Post Syndicated from Tara Van Unen original https://aws.amazon.com/blogs/compute/using-amazon-sqs-dead-letter-queues-to-control-message-failure/


Michael G. Khmelnitsky, Senior Programmer Writer

 

Sometimes, messages can’t be processed because of a variety of possible issues, such as erroneous conditions within the producer or consumer application. For example, if a user places an order within a certain number of minutes of creating an account, the producer might pass a message with an empty string instead of a customer identifier. Occasionally, producers and consumers might fail to interpret aspects of the protocol that they use to communicate, causing message corruption or loss. Also, the consumer’s hardware errors might corrupt message payload. For these reasons, messages that can’t be processed in a timely manner are delivered to a dead-letter queue.

The recent post Building Scalable Applications and Microservices: Adding Messaging to Your Toolbox gives an overview of messaging in the microservice architecture of modern applications. This post explains how and when you should use dead-letter queues to gain better control over message handling in your applications. It also offers some resources for configuring a dead-letter queue in Amazon Simple Queue Service (SQS).

What are the benefits of dead-letter queues?

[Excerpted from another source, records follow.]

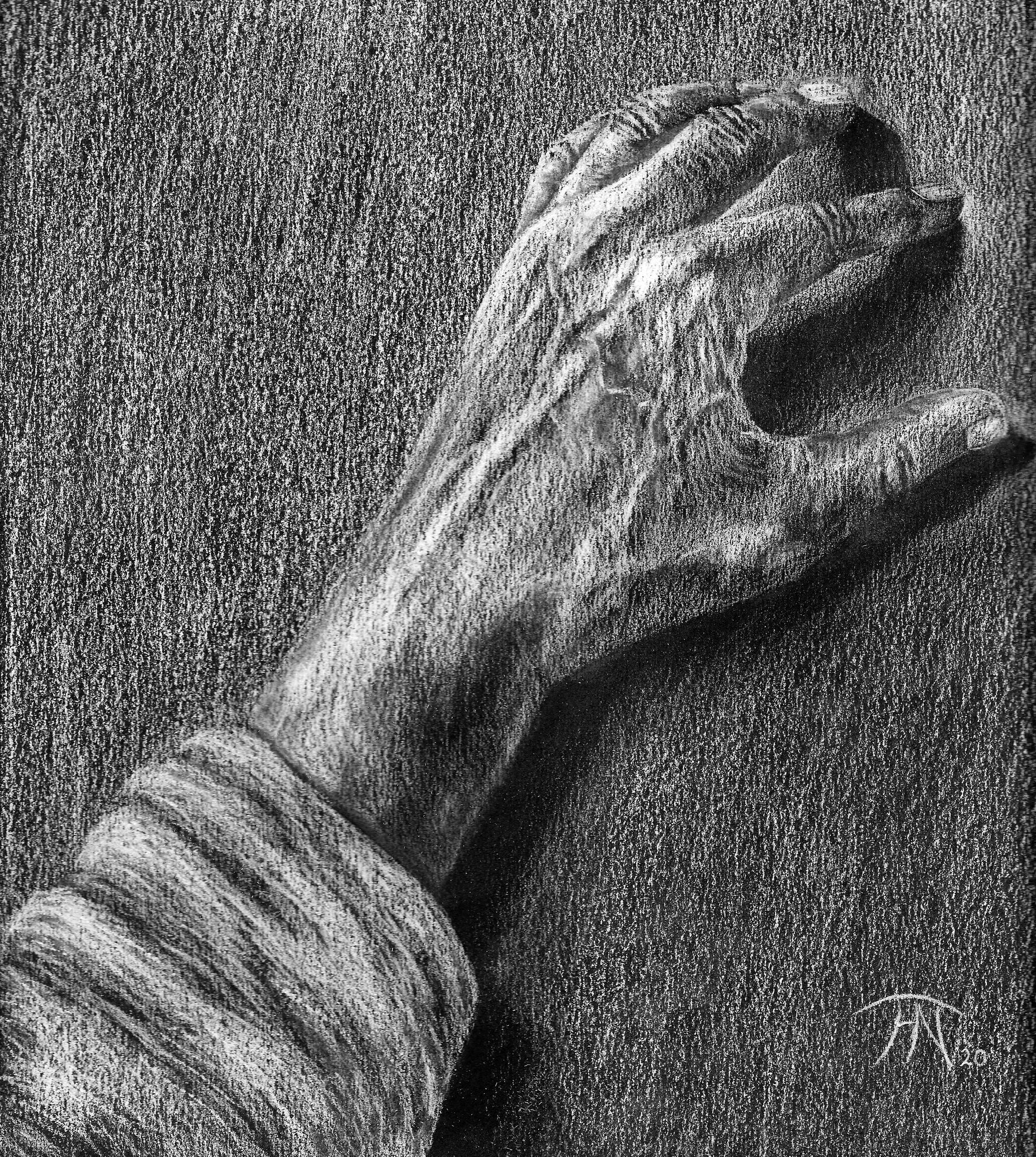 Pastel van mijn hand op zwart papier.
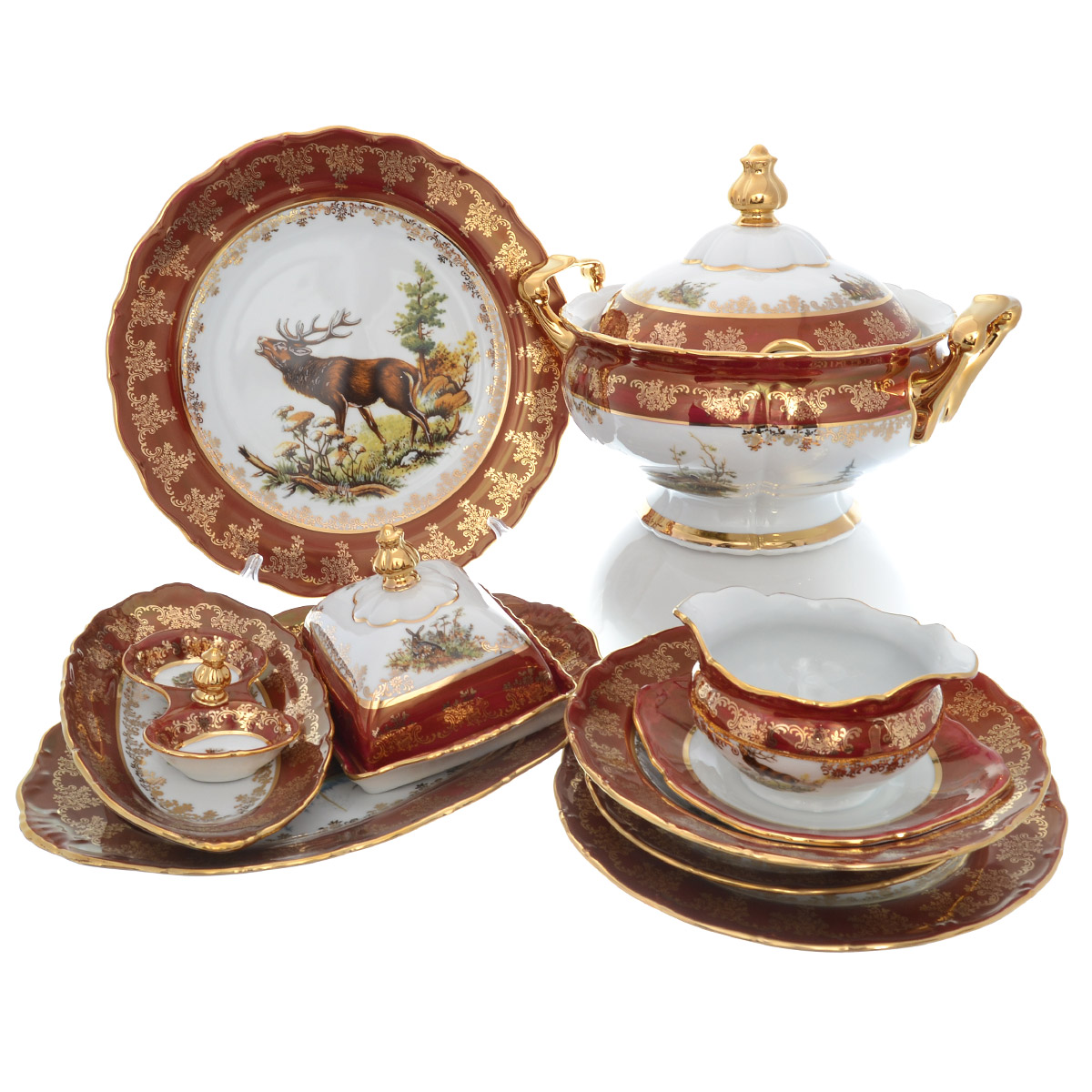 Столовый сервиз на 6 персон Queen S Crown Aristokrat охота красная 27 пред
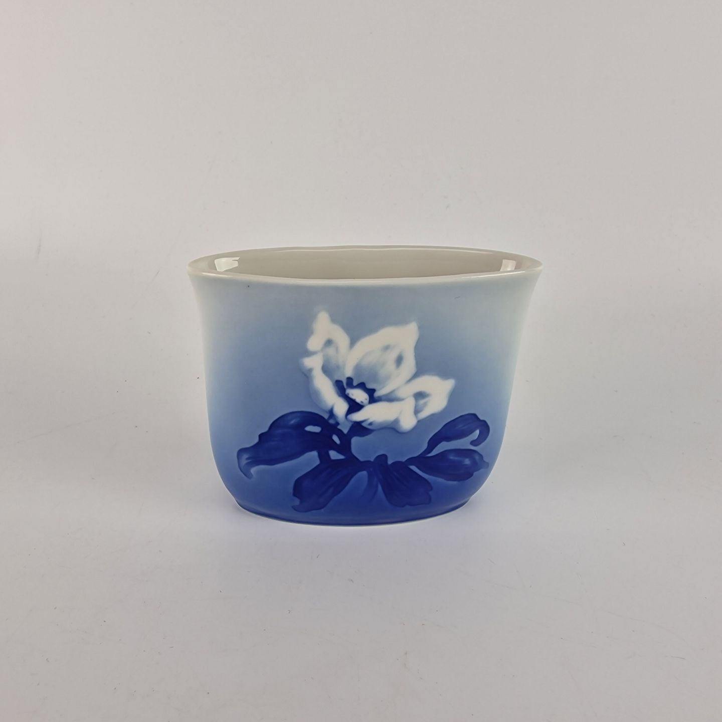 Julerose er hvidt porcelæn med gradueret blå farver, dekoreret med et motiv af en hvid julerose
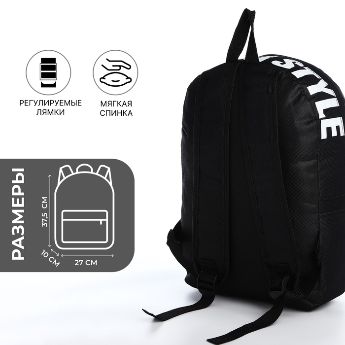 Рюкзак школьный на молнии, наружный карман, 2 боковых кармана, цвет чёрный
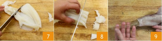 To clean the cuttlefish, you need to gently separate the head and tentacles from the mantle, wash them well, and remove the cartilage pen and the ink sac. Chop the tentacles 7 and heads 8. Proceed with the squid. Once the head is removed, locate the transparent cartilage pen inside the mantle and remove it gently 9,
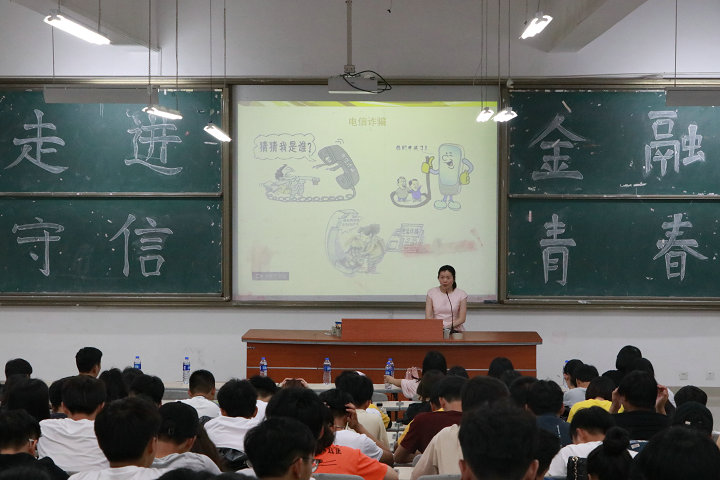 此次“金融知识校园行”主题宣传活动包括金融知识讲座和现场咨询活动。讲座主要就电信诈骗、线上线下产品闭环、冒充政府部门等知识与诈骗案例,分析了日常生活中常见的因非法买卖银行卡可能涉及洗钱、诈骗转账和外汇拆分等金融违法行为存在的安全隐患。还讲解了校园网贷及抵制不良校园贷方法。
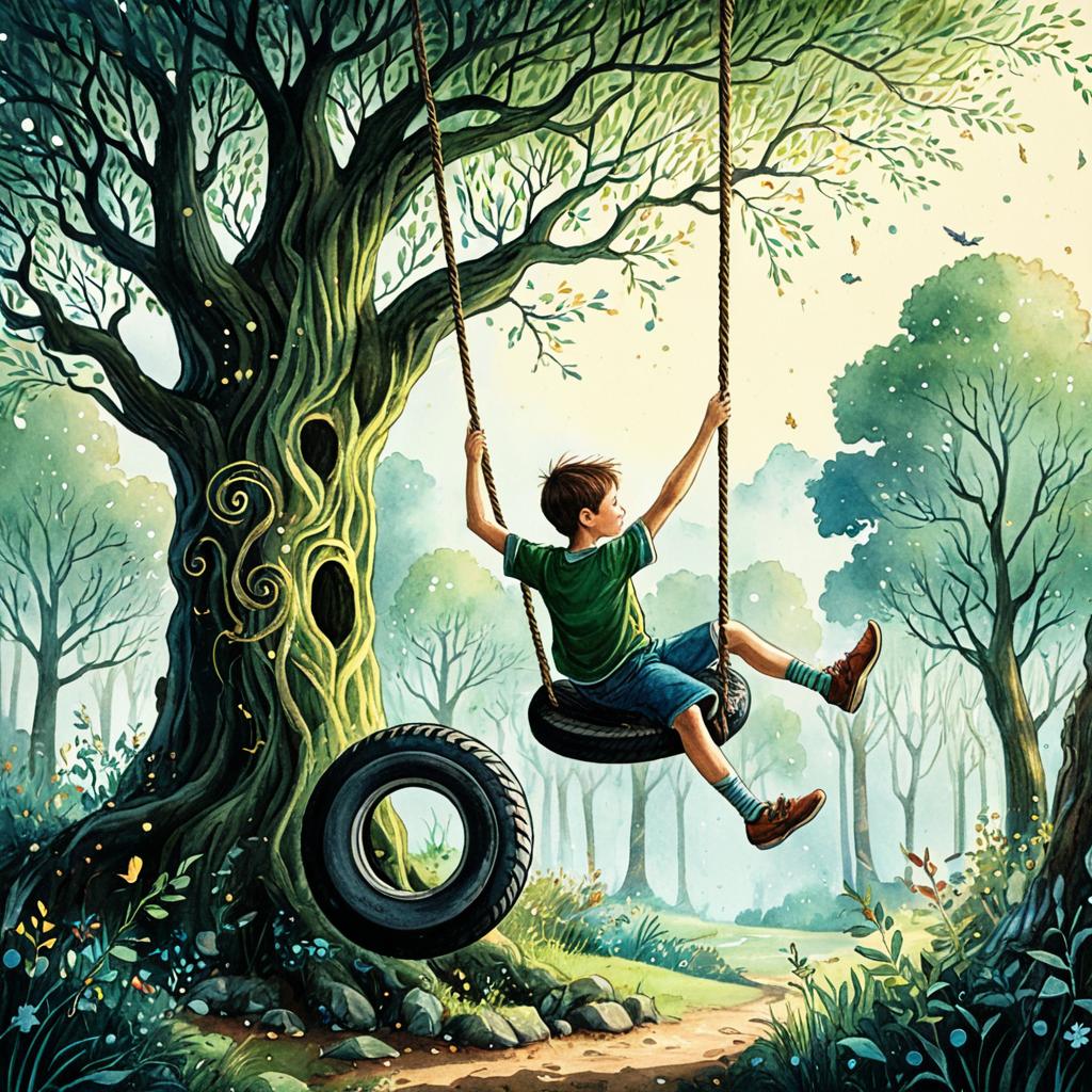 Create a book cover for a children's book called Journey Through the Magical Forest. The illustration features an enchanted willow tree with branches representing mythical creatures like unicorns, elves, and sprites. A young boy swings on a tire swing from the tree, symbolizing magical and imaginative human-to-nature connections. Rendered in a fantasy watercolor style with soft, mystical hues with splashes of gold. The title should be prominently displayed in elegant, whimsical font.

The main task of a dead-letter queue is handling message failure. A dead-letter queue lets you set aside and isolate messages that can’t be processed correctly to determine why their processing didn’t succeed. Setting up a dead-letter queue allows you to do the following:

  • Configure an alarm for any messages delivered to a dead-letter queue.
  • Examine logs for exceptions that might have caused messages to be delivered to a dead-letter queue.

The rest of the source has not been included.